The Los Angeles County Board of Supervisors' decision to add a cross over the San Gabriel Mission on the county's official seal was unconstitutional, a federal judge ruled last week. (file photo)
The Los Angeles County Board of Supervisors’ decision to add a cross over the San Gabriel Mission on the county’s official seal was unconstitutional, a federal judge ruled last week. (file photo)

The Los Angeles County Board of Supervisors’ decision to add a cross over the San Gabriel Mission on the county’s official seal was unconstitutional, a federal judge ruled last week.     A civil rights group sued the Board of Supervisors in February 2014, challenging the constitutionality of the panel’s decision to restore the cross nearly 10 years after legal wrangling prompted its removal from the county seal.

U.S. District Judge Christina Snyder took the matter under submission in November after a one-day bench trial.

In her ruling, the judge wrote that the return of the cross “places the county’s power, prestige and purse behind a single religion, Christianity, without making any such benefit available on an equal basis to those with secular objectives or alternative sectarian views.”

The complaint filed in federal court by the American Civil Liberties Union of Southern California alleged that the supervisors’ Jan. 7, 2014, decision to restore the cross was unconstitutional because it “favors the Christian religion over all other religions and divides county residents by religion and by adherence or non-adherence to religious beliefs.”

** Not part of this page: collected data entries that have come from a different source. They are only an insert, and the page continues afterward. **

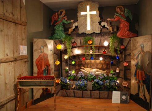 das Hutter-Museum geöffnet und die Besucher haben die Möglichkeit das „Graberl“ anzuschauen. Der Eintritt ist frei.Das Hl. Grab, das sich jetzt im Museum befindet, wurde mehr als hundert Jahre lang an den Kartagen im Altarraum der Dorfkirche St. Georg in Großberghofen aufgebaut. 1860 hatte es Schreinermeister Pfeil aus Walkertshofen gefertigt.Man dunkelte das Innere des Gotteshauses mit hölzernen Fensterläden ab. Der Kirchenraum wurde nur von den kleinen Lichtern am Grab erhellt, die durch wassergefüllte Glaskugeln leuchteten und dadurch eine besonders mystische Wirkung erzielten.Die Gläubigen versammelten sich am Karfreitag und Karsamstag zu einer ewigen Anbetung, bis zum Abend des Karsamstags in der dunklen Kirche. Während der Auferstehungsfeier wurde die Verdunkelung dann im richtigen liturgischen Moment entfernt. Das ermöglichte den Gläubigen, die Auferstehung Christi im hellen Tageslicht zu erleben.Es war damals für die Katholiken üblich, an den Kartagen die Kirchen der Umgebung zu besuchen, um die dort aufgebauten „Graberl“ anzuschauen.Erst durch die neue Liturgie des Vatikanischen Konzils wurde dieses Brauchtum beendet. Heute ist das „Hl. Grab“ der Dorfkirche von Großberghofen ein wertvoller Bestandteil des Hutter-Museums.Großberghofen, Karfreitag, 15.04.22, Hutter-Museum, Walkertshofener Str.14,
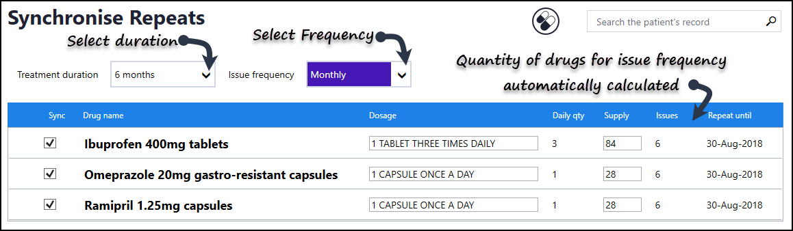 Easily synchronise all your patient's drugs to the same issue and review frequency to simplify medication reviews.
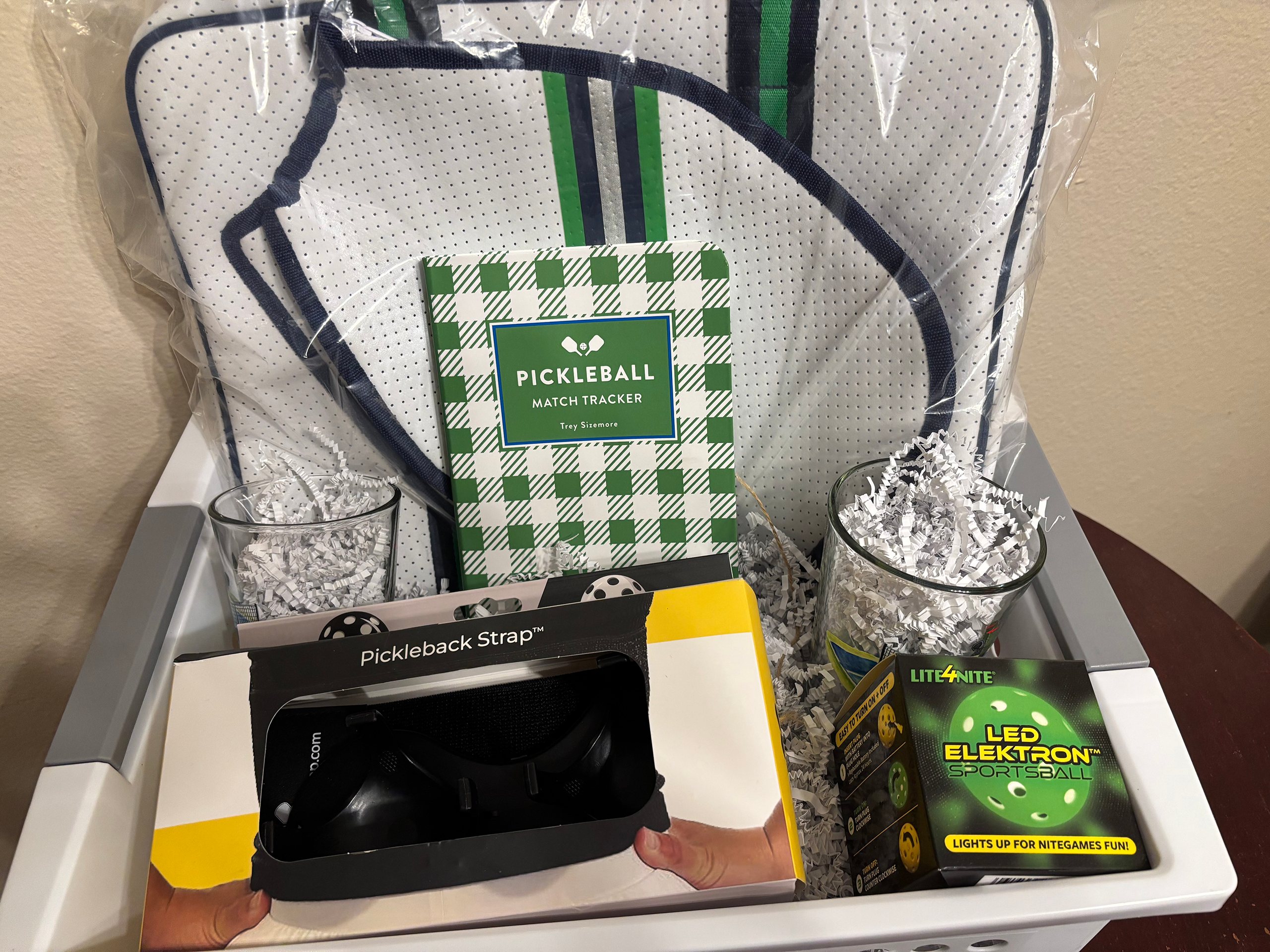 This auction item is a great way to get in on the craze and includes a 2-in-1 Pickleball Paddle Tote Bag in white and green, a Wearable Pickleball Strap, a Pickleball Match Tracker, a Glow-in-the-dark pickleball, and 2 Pickles playing Pickleball pint glasses.
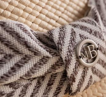 Son ruban gros grain large à chevron, orné d'un motif graphique en camaïeu, se distingue par un demi-nœud à l'arrière, légèrement relevé, ajoutant une note de sophistication discrète.

Hector Villagra, executive director of the ACLU of Southern California, and plaintiffs’ attorney Linda Burrow issued a joint statement saying the ruling affirms the area’s diversity.

“We are heartened by the court’s ruling because it recognizes that Los Angeles is a diverse county comprised of adherents of hundreds of faiths as well as non-believers, all of whom are entitled to be treated with equal dignity by their government,” they said. “The placement of the cross on the official county seal promotes one religious sect above others and denies the principle that government represents all of the people, not just those who follow a particular faith.”     In a motion introduced by Supervisors Mike Antonovich and Don Knabe, the board voted 3-2 in 2014 to add a cross to the top of the San Gabriel Mission on the county emblem, which is displayed on buildings, vehicles and official communications.

Antonovich and Knabe argued that restoring the cross is vital to the historical accuracy of the seal.

Mark Rosenbaum, chief counsel of the ACLU/SoCal, responded that the two supervisors “are historians in the same way ‘SNL’s’ Father Guido Sarducci is a priest. These supervisors have exacerbated the constitutional slap at all religions by reinserting a Christian cross on the seal by means of a Pinocchio- style fib.”

Snyder wrote that the cross “carries with it an aura of prestige, authority, and approval. By singling out the cross for addition to the seal, the county necessarily lends its prestige and approval to a depiction of one faith’s sectarian imagery.”